**** RECORDS SUPPLIED ****
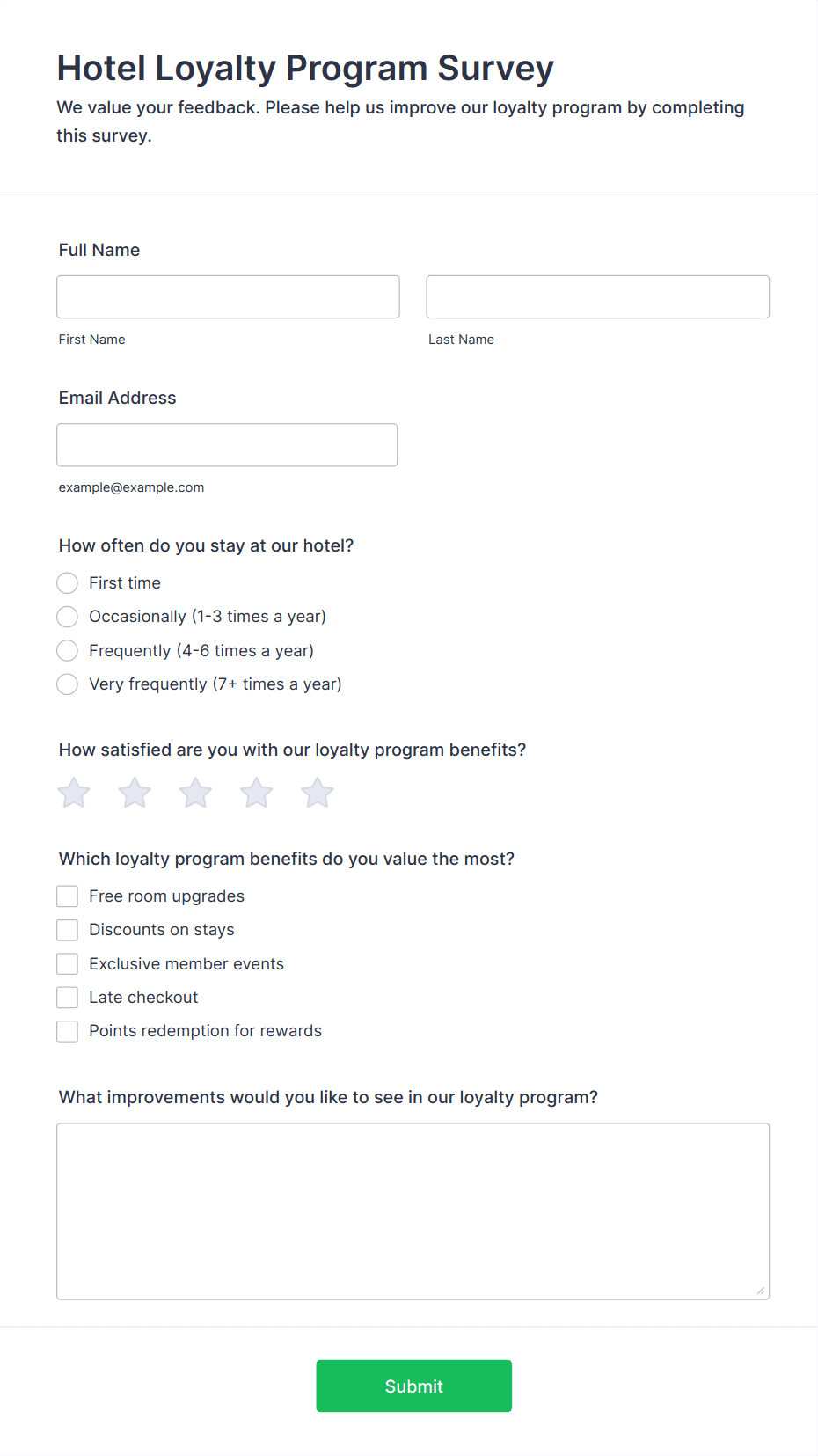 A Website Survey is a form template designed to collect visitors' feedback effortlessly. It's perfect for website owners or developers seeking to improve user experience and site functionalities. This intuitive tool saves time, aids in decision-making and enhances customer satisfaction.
****
**** RECORDS SUPPLIED ****
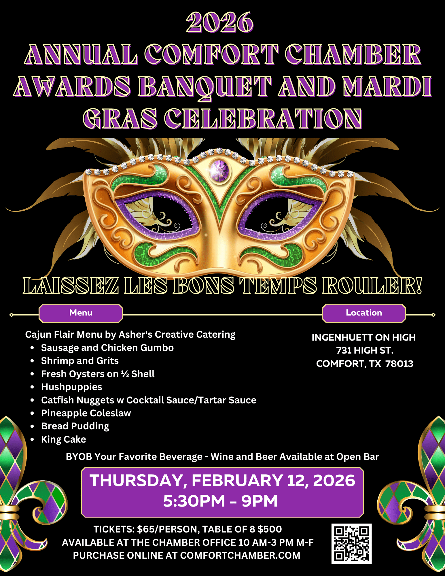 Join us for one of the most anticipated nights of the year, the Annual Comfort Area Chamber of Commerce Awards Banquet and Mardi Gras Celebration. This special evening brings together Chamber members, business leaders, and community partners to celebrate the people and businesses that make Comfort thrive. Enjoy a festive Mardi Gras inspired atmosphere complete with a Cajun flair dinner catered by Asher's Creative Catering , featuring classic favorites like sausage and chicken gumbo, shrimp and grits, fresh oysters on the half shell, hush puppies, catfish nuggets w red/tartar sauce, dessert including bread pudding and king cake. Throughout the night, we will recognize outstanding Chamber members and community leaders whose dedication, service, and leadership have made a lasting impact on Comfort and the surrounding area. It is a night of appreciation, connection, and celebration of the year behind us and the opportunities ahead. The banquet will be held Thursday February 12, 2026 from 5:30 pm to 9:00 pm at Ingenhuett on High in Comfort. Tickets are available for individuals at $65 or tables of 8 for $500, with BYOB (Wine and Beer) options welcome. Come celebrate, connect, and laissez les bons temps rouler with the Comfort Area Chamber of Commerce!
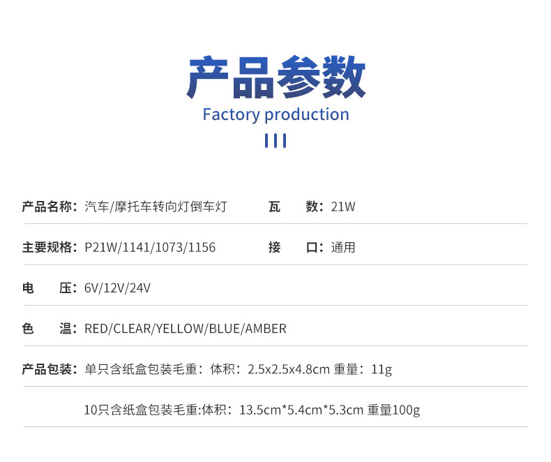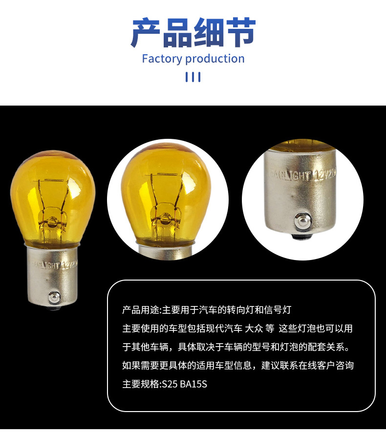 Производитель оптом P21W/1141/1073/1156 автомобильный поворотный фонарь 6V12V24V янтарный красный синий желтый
****
TASK REQUIREMENTS: Look above and copy only the lines from the one holding "Join us for" to the one holding "Производитель оптом P21W/1141/1073/1156", both included, exactly, minus the pictures.

TASK ANSWER:
 Join us for one of the most anticipated nights of the year, the Annual Comfort Area Chamber of Commerce Awards Banquet and Mardi Gras Celebration. This special evening brings together Chamber members, business leaders, and community partners to celebrate the people and businesses that make Comfort thrive. Enjoy a festive Mardi Gras inspired atmosphere complete with a Cajun flair dinner catered by Asher's Creative Catering , featuring classic favorites like sausage and chicken gumbo, shrimp and grits, fresh oysters on the half shell, hush puppies, catfish nuggets w red/tartar sauce, dessert including bread pudding and king cake. Throughout the night, we will recognize outstanding Chamber members and community leaders whose dedication, service, and leadership have made a lasting impact on Comfort and the surrounding area. It is a night of appreciation, connection, and celebration of the year behind us and the opportunities ahead. The banquet will be held Thursday February 12, 2026 from 5:30 pm to 9:00 pm at Ingenhuett on High in Comfort. Tickets are available for individuals at $65 or tables of 8 for $500, with BYOB (Wine and Beer) options welcome. Come celebrate, connect, and laissez les bons temps rouler with the Comfort Area Chamber of Commerce!
 Производитель оптом P21W/1141/1073/1156 автомобильный поворотный фонарь 6V12V24V янтарный красный синий желтый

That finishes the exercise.